Il est 10h40, elle débarque dans l’open-space, jette un bonjour tout le monde, puis se pose dans le canapé avec son laptop. Plus exactement, son enveloppe charnelle débarque. Car Camille « n’est pas du matin« . Elle bosse souvent tard le soir, mais pour ses collègues, elle passe toujours pour « celle qui arrive à 10h40« . Ton oeil de manager a bien noté que l’oiseau de nuit arrive précisément à 10h40. Elle habite loin, et elle doit bien se lever à une heure précise… Mais bon, elle arrive toujours après les autres. Et elle reste souvent une heure après, ce que les autres ne voient pas (évidemment). Sans même parler de ses résultats qui sont excellent, à la limite la seule chose qui compte vraiment non ?
A côté d’elle il y a Erwan, jeune papa, qui pour le coup, fait souvent l’ouverture à 8h30, disparaît entre midi et deux, et reste artificiellement jusqu’à 17h01 « pour ne pas être le premier à partir« . Lorsque notre client favori décide de faire une réunion à 17h, forcément il est parti. A Paris on aime bien ça nous les réunions à 17h. Souvent on ne sait pas trop de quoi on va parler. Et souvent la réunion commence à 17h10 le temps de trouver tout le monde. Mais bon, Erwan il s’en fiche, il est déjà parti, et il a peut-être raison.
Il s’agit de 2 personnages fictifs, mais soyons clair, des personnages que vous avez très certainement croisés dans votre carrière.
Pourquoi faut-il encore venir à des heures fixes au bureau ? Dans les années 90, les gens n’avaient pas de téléphone portable, pas d’ordinateur portable. Cela pouvait encore avoir un sens. Mais là, au nom de quoi faut-il que je vienne à une heure précise ? Si je suis pas du matin ? Si au contraire je préfère démarrer tôt et finir plus tôt dans l’après-midi pour profiter d’une deuxième vie après le travail ? Et si je n’ai pas la pêche un jour, pourquoi se forcer à venir ?

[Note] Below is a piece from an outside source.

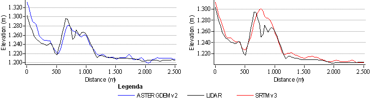 Both systems ASTER GDEM and SRTM presented some problems for mapping surfaces of low roughness such as water bodies.

L’unité de lieu est héritée en partie de la vision du travail du XIX siècle et du XXème siècle. Tu vas à la mine, à l’usine ou à l’atelier. Unité de lieu car ton travail ne peut pas se réaliser à distance. Unité de temps parce que tu fais des horaires fixes, tu pointes, les machines démarrent et les machines s’arrêtent. Et puis les outils ont évolué. L’informatique permet de travailler à distance. Tout le monde est joignable sur son téléphone portable. Les murs de l’entreprise sont tombés, et toi, tu dois gérer une équipe de développement ?
A priori sur le papier, le job semble intéressant. Les informaticiens utilisent tout un ensemble d’outils pour travailler de façon désynchronisée, et distribuée. Le noyau du logiciel Linux a été co-développé à travers le monde. Git, le gestionnaire de source, a été créé par Linus Torvald. Ces sacrés développeurs doivent bien avoir une recette magique pour travailler ensemble. A quoi bon mettre un(e) responsable ?
Nous touchons du doigt le vrai sujet de cet article : comment va-t-on « manager » ces collaborateurs ?
Pour ma part je pense que le bureau est un lieu important, et indispensable pour travailler. Il est possible de laisser ses collaborateurs travailler de temps en temps à distance. Mais il ne faut pas détruire pour autant le bureau. C’est un lieu social. On discute, il y a des interactions sociales, et il n’y a pas « que » le travail. La semaine dernière nous avons mangé des madeleines fourrées à la pâte à tartiner. On ne fait pas « que » travailler, sinon autant rester chez soi non ?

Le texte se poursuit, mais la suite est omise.